• MATERIAL PROVIDED
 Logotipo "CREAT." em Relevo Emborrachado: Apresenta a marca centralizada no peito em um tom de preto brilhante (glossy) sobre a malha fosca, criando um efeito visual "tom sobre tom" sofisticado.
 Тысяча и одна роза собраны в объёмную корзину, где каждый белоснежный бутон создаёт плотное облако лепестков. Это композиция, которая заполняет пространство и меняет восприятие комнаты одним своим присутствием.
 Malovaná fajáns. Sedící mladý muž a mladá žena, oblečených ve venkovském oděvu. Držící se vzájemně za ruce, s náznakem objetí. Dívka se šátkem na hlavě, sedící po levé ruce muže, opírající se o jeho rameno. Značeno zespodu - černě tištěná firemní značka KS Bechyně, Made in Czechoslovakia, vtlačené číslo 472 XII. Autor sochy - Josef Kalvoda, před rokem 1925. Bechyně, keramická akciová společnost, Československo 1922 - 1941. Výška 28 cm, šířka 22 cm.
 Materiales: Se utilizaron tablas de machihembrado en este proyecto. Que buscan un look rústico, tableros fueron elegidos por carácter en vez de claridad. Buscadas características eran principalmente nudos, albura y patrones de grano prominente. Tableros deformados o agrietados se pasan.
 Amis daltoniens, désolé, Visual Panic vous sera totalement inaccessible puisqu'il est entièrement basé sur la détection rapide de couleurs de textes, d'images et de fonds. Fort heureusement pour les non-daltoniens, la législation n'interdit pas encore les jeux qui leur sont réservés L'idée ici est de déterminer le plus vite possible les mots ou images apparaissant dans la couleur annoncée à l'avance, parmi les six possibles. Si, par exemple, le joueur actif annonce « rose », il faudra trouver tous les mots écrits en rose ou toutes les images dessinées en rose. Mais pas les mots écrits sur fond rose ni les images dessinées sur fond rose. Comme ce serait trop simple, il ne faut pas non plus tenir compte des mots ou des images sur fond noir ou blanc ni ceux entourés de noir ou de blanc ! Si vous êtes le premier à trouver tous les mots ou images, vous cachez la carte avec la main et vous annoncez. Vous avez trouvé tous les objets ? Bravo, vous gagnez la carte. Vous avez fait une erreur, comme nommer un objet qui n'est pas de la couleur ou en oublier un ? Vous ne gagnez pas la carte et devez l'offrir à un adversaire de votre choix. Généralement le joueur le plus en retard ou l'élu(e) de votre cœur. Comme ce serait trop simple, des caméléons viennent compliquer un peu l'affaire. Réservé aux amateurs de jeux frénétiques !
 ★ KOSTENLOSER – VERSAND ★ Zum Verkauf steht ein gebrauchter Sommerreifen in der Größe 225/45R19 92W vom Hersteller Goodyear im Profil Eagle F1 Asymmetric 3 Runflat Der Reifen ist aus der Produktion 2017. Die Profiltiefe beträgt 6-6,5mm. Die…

* * *

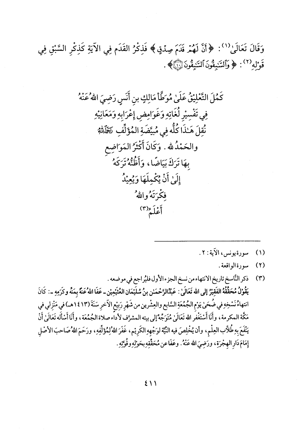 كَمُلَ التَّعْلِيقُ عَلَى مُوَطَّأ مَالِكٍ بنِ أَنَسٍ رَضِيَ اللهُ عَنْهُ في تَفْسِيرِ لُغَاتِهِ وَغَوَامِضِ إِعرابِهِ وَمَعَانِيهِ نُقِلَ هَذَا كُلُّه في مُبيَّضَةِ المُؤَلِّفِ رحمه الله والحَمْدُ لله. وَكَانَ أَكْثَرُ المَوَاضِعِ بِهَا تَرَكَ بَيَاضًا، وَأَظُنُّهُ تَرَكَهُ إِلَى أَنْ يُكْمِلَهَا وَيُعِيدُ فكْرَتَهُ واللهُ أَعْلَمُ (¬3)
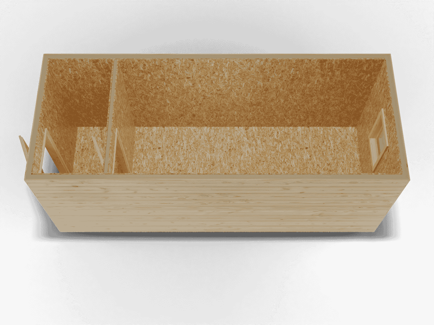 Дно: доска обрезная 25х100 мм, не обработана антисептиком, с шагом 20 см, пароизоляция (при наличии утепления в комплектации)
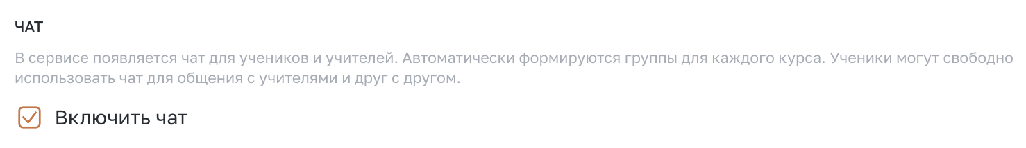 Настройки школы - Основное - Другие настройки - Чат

• TASK INSTRUCTIONS
Reproduce the lines of the entries above from the one with "Relevo Emborrachado: Apresenta" to the one with "Тысяча и одна", both included, exactly and without any other line.

• SOLUTION FOR THIS TASK
 Logotipo "CREAT." em Relevo Emborrachado: Apresenta a marca centralizada no peito em um tom de preto brilhante (glossy) sobre a malha fosca, criando um efeito visual "tom sobre tom" sofisticado.
 Тысяча и одна роза собраны в объёмную корзину, где каждый белоснежный бутон создаёт плотное облако лепестков. Это композиция, которая заполняет пространство и меняет восприятие комнаты одним своим присутствием.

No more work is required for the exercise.